Livgren became an evangelical Christian in 1980, and has said that his songwriting to that point was all about “searching.” Regarding this song, he explained: “I felt a profound urge to ‘Carry On’ and continue the search. I saw myself as the ‘Wayward Son,’ alienated from the ultimate reality, and yet striving to know it or him. The positive note at the end (‘surely heaven waits for you’) seemed strange and premature, but I felt impelled to include it in the lyrics. It proved to be prophetic.”

I have always loved the cold a cappella vocals that kick off the song!

Carry On Wayward Son

As we come to my final song from 1976, I realize that this year really has a wide range of songs. In a way that really fits who I am, as I like many different genres of music. That really comes across with this list. Ok, moving on…

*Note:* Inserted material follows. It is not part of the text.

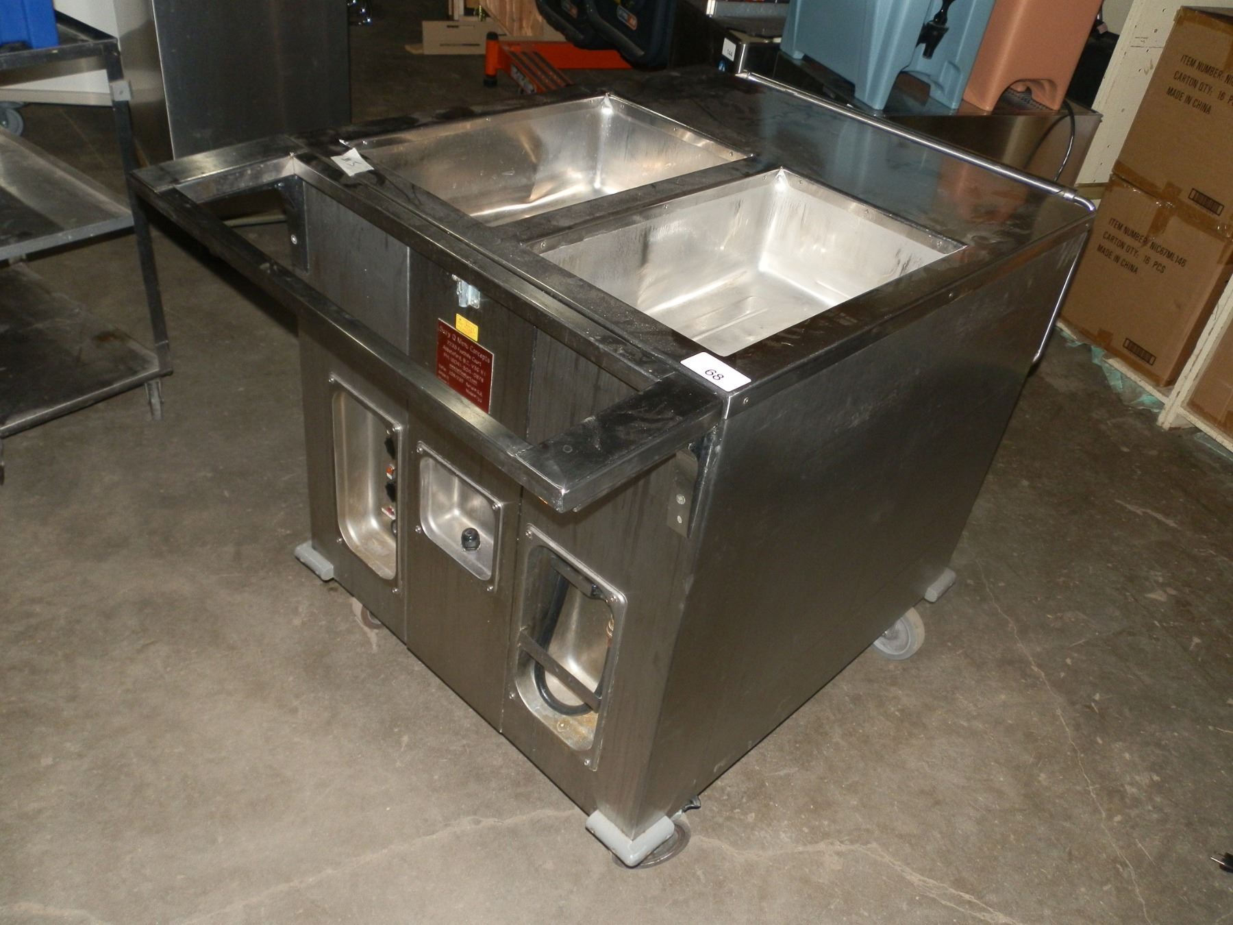 Stainless steel 2 bay steam table on wheels, also has two warmer drawers...Used... sold as is...

Bob Seger only wrote two songs while on the road – Turn the Page and Night Moves. “Night Moves” was a breakthrough hit for Seger, introducing the heartland rocker to a much wider audience. He had been Michigan famous ever since his first album in 1969, which had the solid hit “Ramblin’ Gamblin’ Man.” That song went to #17 on the Hot 100, but over the next few years, he struggled to make a national impact. A big break came in April 1976 when his label, Capitol, seeing the success of Peter Frampton’s Frampton Comes Alive, issued a Seger live album, Live Bullet, recorded at two of his Detroit concerts in 1975. It quickly found a following and outsold every other Seger album. The song would reach number 4 on the Billboard Hot 100 chart.

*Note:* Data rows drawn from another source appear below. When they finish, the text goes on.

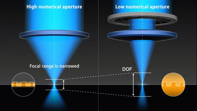 减小NA扩大DOF,可根据器件种类选择合适的NA(示意图)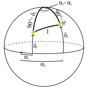 Pogosto nas zanima, kolikšna je kotna razdalja med dvema telesoma na nebu. Prvo telo naj ima koordinate
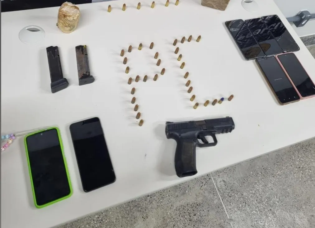 Durante a operação, foram apreendidos uma pistola, munições, dinheiro, dez celulares e maconha.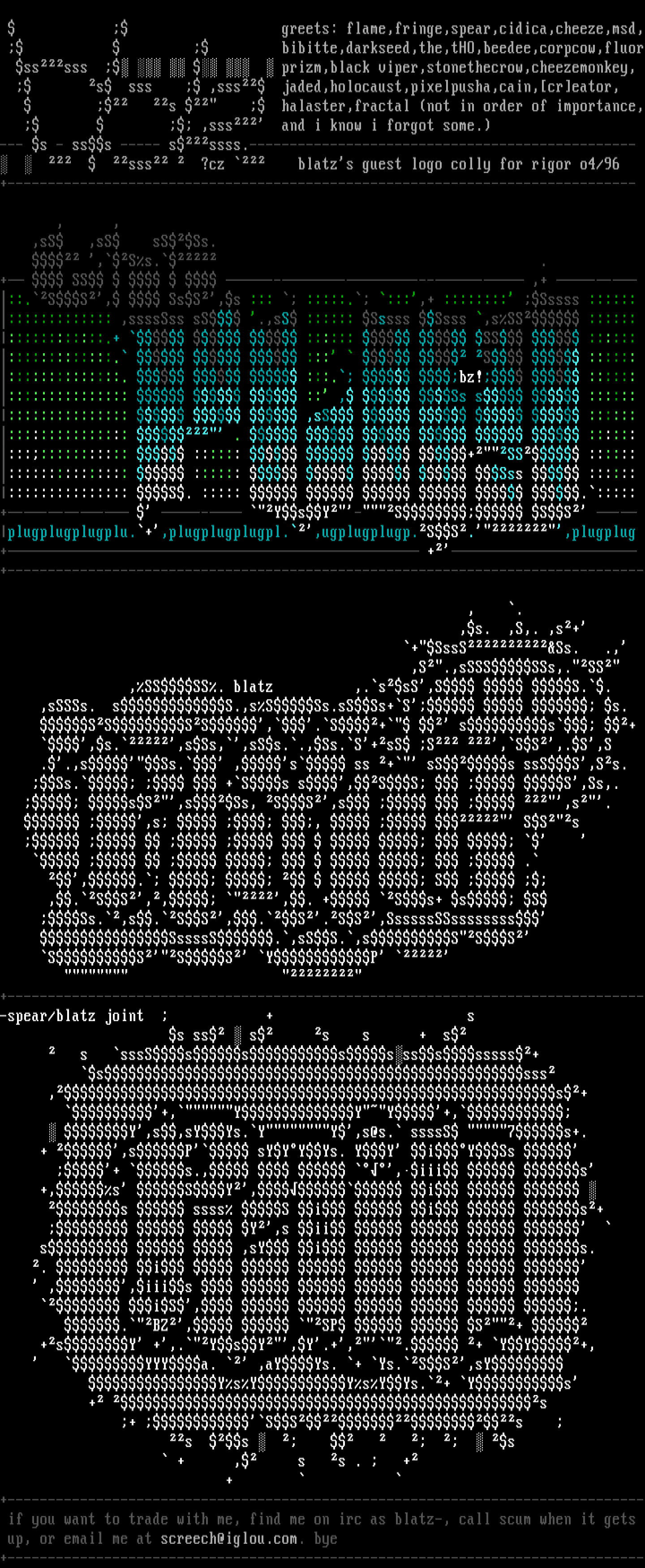 sss ?cz blatzs guest logo colly for rigor o4/96 +------------------------------------------------------------------------------

Seger says the song is autobiographical, but he took some liberties, as their tryst was after high school. The girl he was with had a boyfriend away in the military, and when he came back, she married him, breaking Seger’s heart. Seger says the song represents the freedom and possibility of the high school years.

In an interview, Bob describes writing the song: It was inspired by the movie American Graffiti. It was all about cars and peg pants and rolled-up T-shirts with a cigarette pack up here and stiletto pointed shoes. That’s how I grew up, that was my high-school years. It was the easiest song in the world to write but the hardest song to finish. It took me six months to finish it. I had the first two verses. Then I’m listening to Born To Run and I notice in “Jungleland” Bruce had a double bridge. I never thought of two bridges in one song. So I have two bridges in “Night Moves.” People at Capitol Records told me after they heard the song “Night Moves” that I had a ‘career record”. They said: “This is a song that you’re gonna have to play for the rest of your life.”

The famous bridge in this song, where Seger strips it down and sings “I woke last night to the sound of thunder,” is something he and producer Jack Richardson came up with on the fly in the studio.

Night Moves

And that’s a wrap on 1976 for me. What were your favorites from ’76?

Disco continued to rise into the mainstream from 1974-1979. As we head into 1977 next time, I’m wondering how many disco songs may or may not be a part of my list …

Thanks for reading (and listening).

9 thoughts on “The Music of My Life – 1976

  1. Good year, good list. Oddly I have no memories of Elvis being on radio or having out an album then but I came across it when putting together a post on his final concert for today!